> **INSTRUCTIONS TO FOLLOW**
Write out exactly, with both ends included, the lines that run from the line containing "Rick Owens enhances" to the end of the entries. Pictures are not part of the answer.

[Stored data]
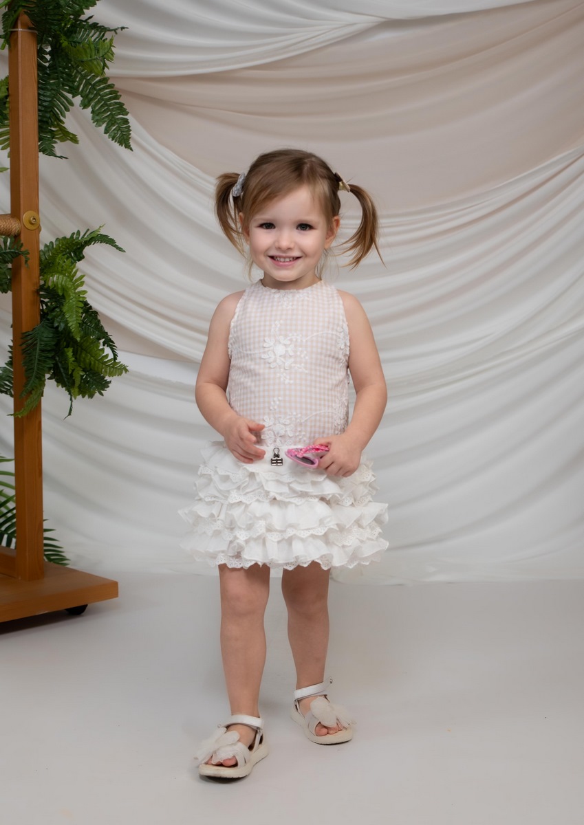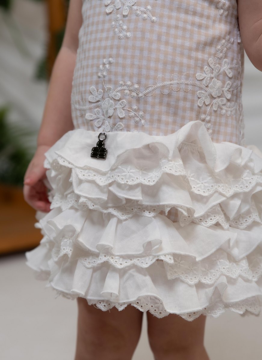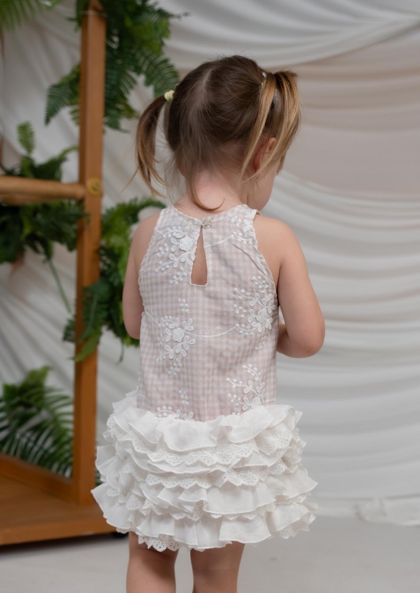 Αυτό το αμάνικο καρό βρεφικό φόρεμα της Minimo με φλοράλ κέντημα και πολυεπίπεδα βολάν είναι ιδανική επιλογή για τις ιδιαίτερες εμφανίσεις του μωρού σας.
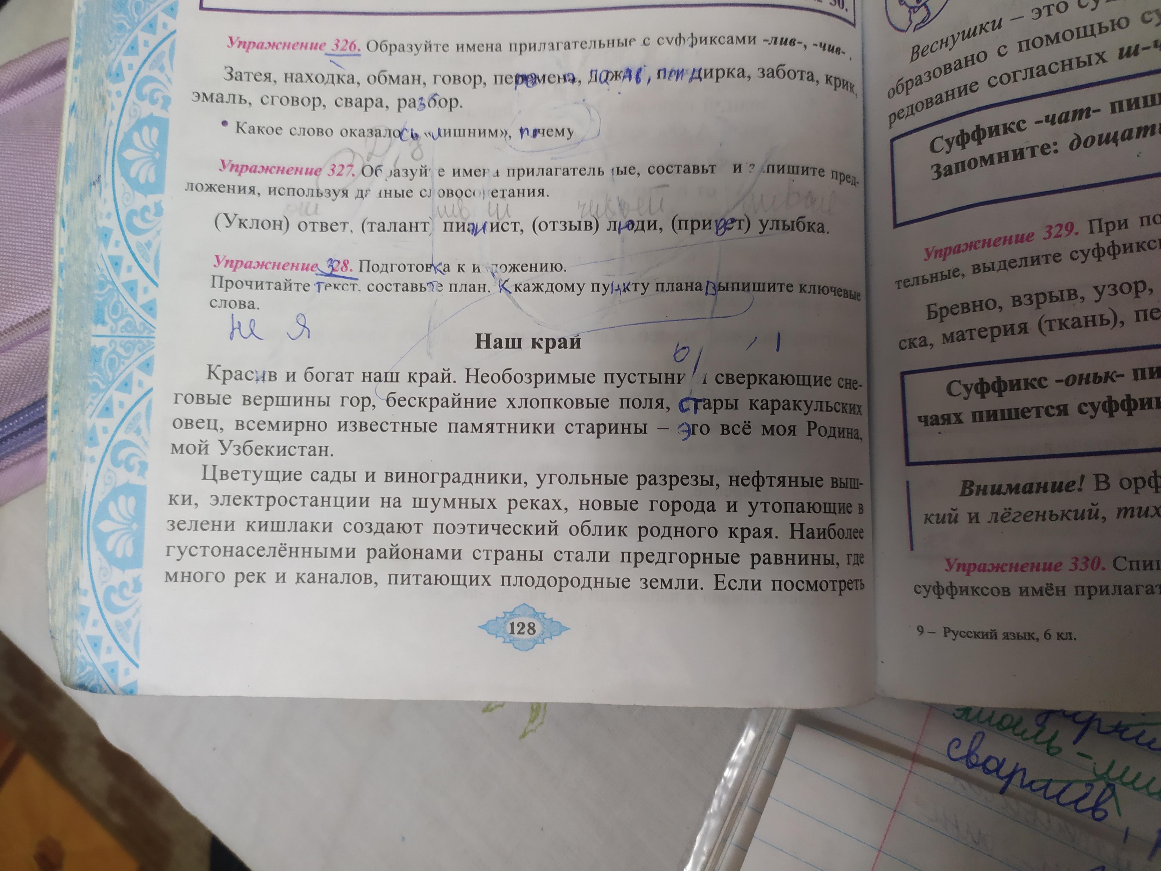 Упражнение 328. Прочитайте текст. Составьте план (обязательно). К каждому пункту плана выпишите ключевые слова
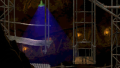 1:15.3 – ロープが振り子で動いています。タイミングよく飛び移らないとロープに捕まれないが、停電時はロープが見えなくなるのが厄介。電気がつくタイミングとロープがこちらに向かってくるタイミングが重なったら飛び移ります。タイミングが来るまで根気よく待ちましょう
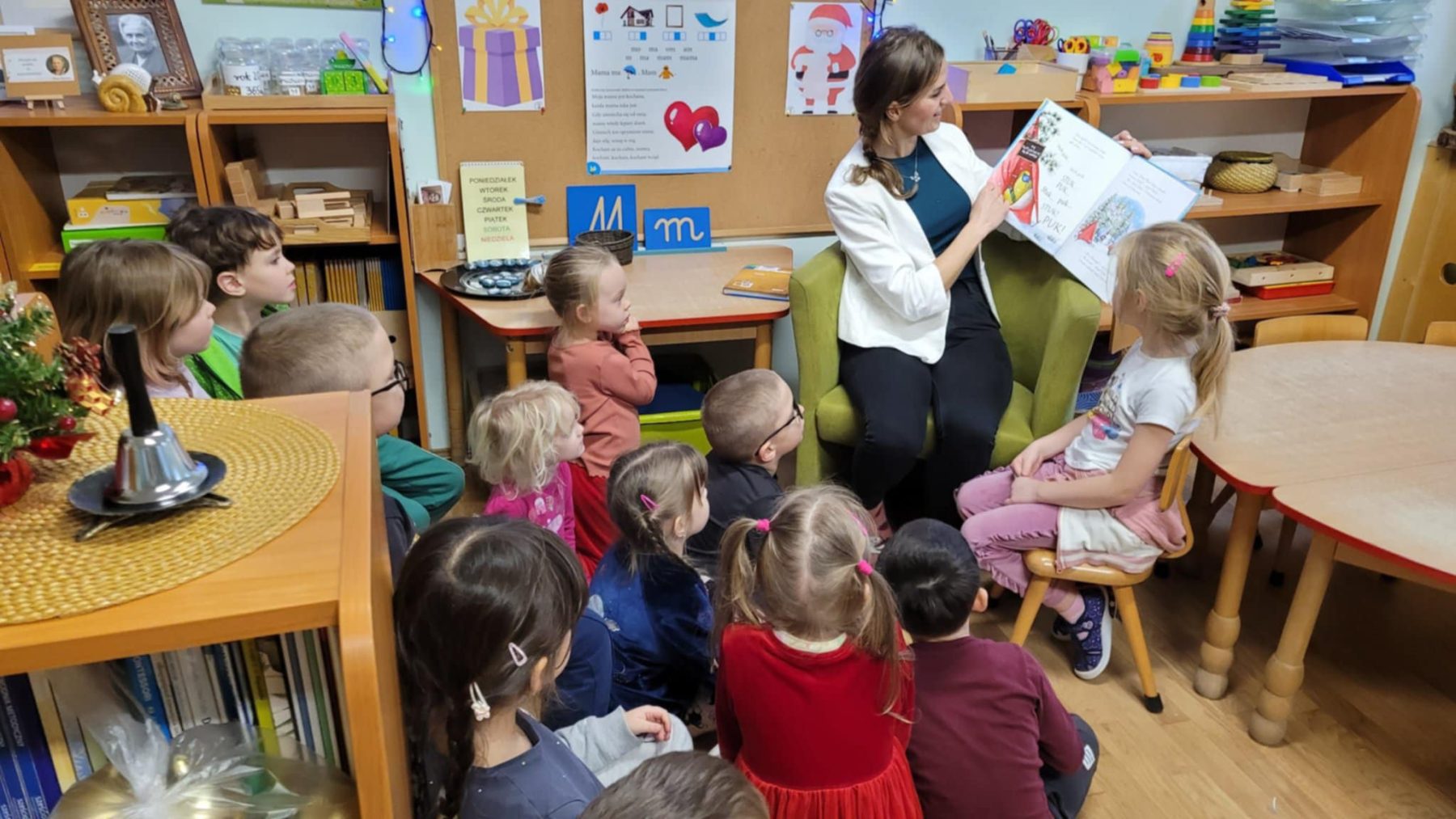 Podczas spotkań panowała ciepła i przyjazna atmosfera. Dzieci z dużym zaciekawieniem słuchały przygotowanych historii, aktywnie odpowiadały na pytania oraz dzieliły się własnymi spostrzeżeniami. Każde czytanie było wyjątkowe – rodzice prezentowali różne książki, a niektórzy wzbogacali swoje wystąpienia o rozmowę o bohaterach, ilustracjach czy krótkie zabawy tematyczne.
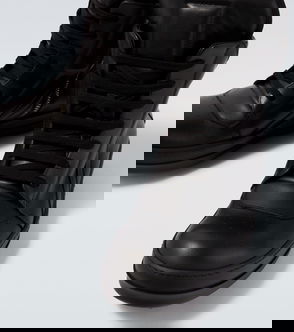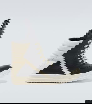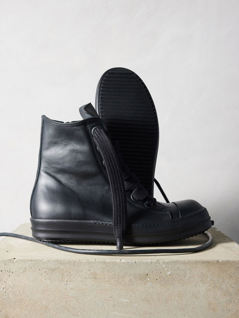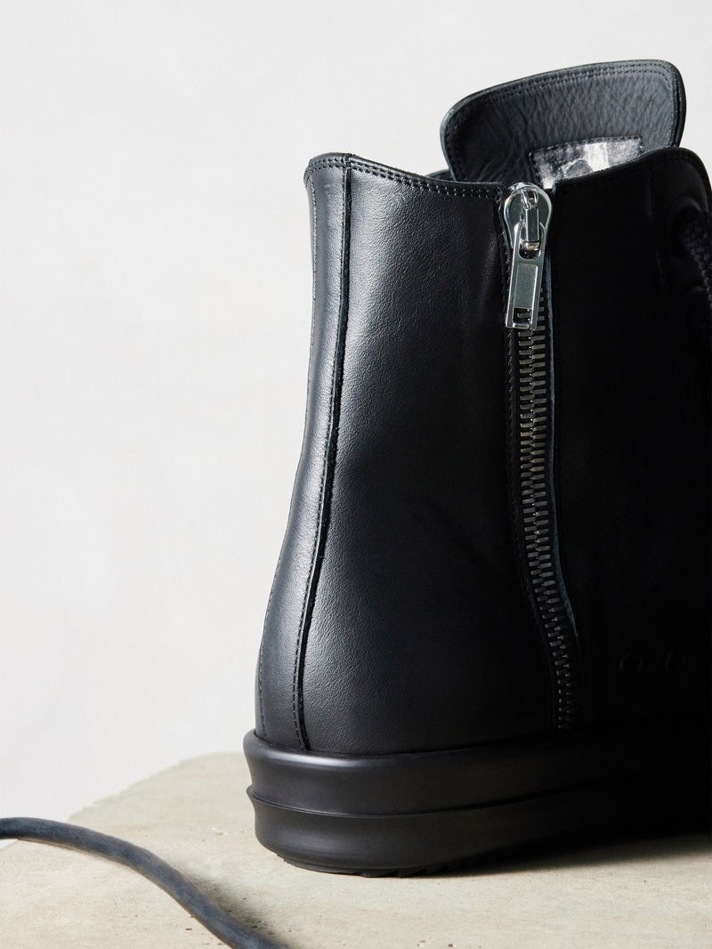 Rick Owens enhances the brooding look of these black leather high-top trainers through polished silver zips running up the sides.
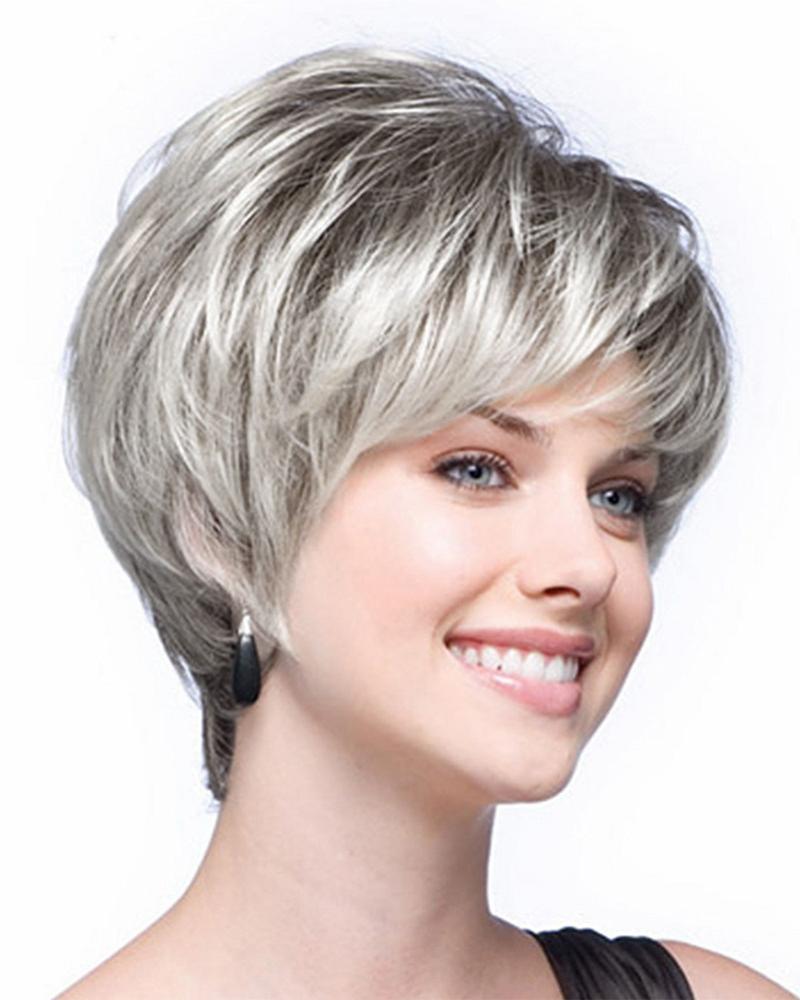 Short Layered Pixie Cut Wig Natural Looking Synthetic Wigs Older Women Mommy Old Lady Wigs

> **ANSWER FOR THE TASK**
 Rick Owens enhances the brooding look of these black leather high-top trainers through polished silver zips running up the sides.
 Short Layered Pixie Cut Wig Natural Looking Synthetic Wigs Older Women Mommy Old Lady Wigs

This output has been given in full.